1.7.2 Jenis Pendekatan
Penelitian ini mengunakan penelitian deskriptif yang penelitiannya
secara umum yang menggunakan pendekatan kualitatif yang
mempelajari masalah-masalah yang ada serta tata cara kerja yang
berlaku. Penelitian deskriptif kualitatif ini bertujuan untuk
mendiskripsikan apa-apa yang saat ini berlaku. Di dalamnya terdapat
upaya mendeskripsikan, mencatat, analisis dan mengintrepetasikan
kondisi yang sekarang ini terjadi atau ada. Dengan kata lain
penelitiandeskriptif kualitatif ini bertujuan untuk memperoleh
informasi-informasi mengenai keadaan yang ada.24
1.7.3 Sumber Bahan Hukum
Dalam penelitian ini menggunakan sumber data primer dan data
sekunder. Data primer merupakan data yang bersumber dari penelitian
lapangan yaitu baik dari responden maupun informan, sedangkan data
sekunder adalah suatu data yang bersumber dari penelitian
kepustakaan. Bahan hukum tersebut yaitu :
1. Bahan hukum primer yaitu bahan hukum yag bersifat autoritatif
artinya mempunyai otoritas yang merupakan hasil dari tindakan
atau kegiatan yang dilakukan oleh lembaga yang berwenang untuk
iut.
24Mardalis, 1999, Metode Penelitian Suatu Pendekatan Proposal, Bumi Aksara, Jakarta,
h.26
2. Bahan hukum sekunder yaitu bahan hukum yang dapat
memberikan penjelasan terhadap bahan hukum primer.

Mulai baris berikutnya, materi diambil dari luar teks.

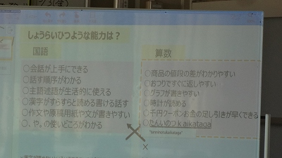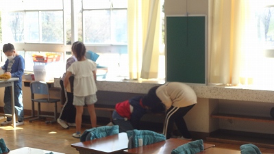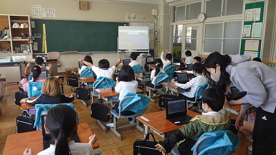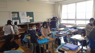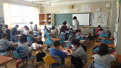 各教室を回ると、国語や算数等の学年末の復習、「将来必要な能力は?」というテーマでのディベート、リコーダー練習、教室回りの片付け、電磁石の理科実験等、各学年それぞれの課題に取り組む姿が見られました。

3. Bahan hukum tersier, merupakan bahan hukum yang dapat
menjelaskan baik bahan hukum primer maupun bahan hukum
sekunder.
Adapun bahan – bahan hukum yang digunakan dalam penulisan
penelitian ini adalah :
a. Bahan hukum primer dalam penulisan ini adalah :
a) Undang – Undang Dasar Negara Republik Indonesia Tahun
1945.
b) Undang – Undang Nomor 23 Tahun 2014 Tentang Pemerintah
Daerah.
c) Peraturan Pemerintah Nomor 6 Tahun 2010 Tentang Satuan
Polisi Pamong Praja.
b. Bahan hukum sekunder yang digunakan dalam penulisan ini
adalah:
a) Berupa literatur – literatur yang memuat mengenai pandangan
dari beberapa ahli yang relevan dengan permasalahan yang
diteliti;
b) Jurnal – jurnal;
c) Bahan – bahan internet yang relevan dengan masalah yang
diteliti.
c. Adapun bahan hukum tersier yang digunakan adalah :
a) Kamus Hukum
b) Kamus Besar Bahasa Indonesia
c) Ensiklopedia Hukum
1.7.3 Teknik Pengumpulan Bahan Hukum
Dalam penelitian hukum yuridis sosiologis dikenal dengan teknik –
teknik untuk mengumpulkan data dan bahan hukum, yaitu studi
dokumen, wawancara, observasi dan penyebaran quisoner/angket.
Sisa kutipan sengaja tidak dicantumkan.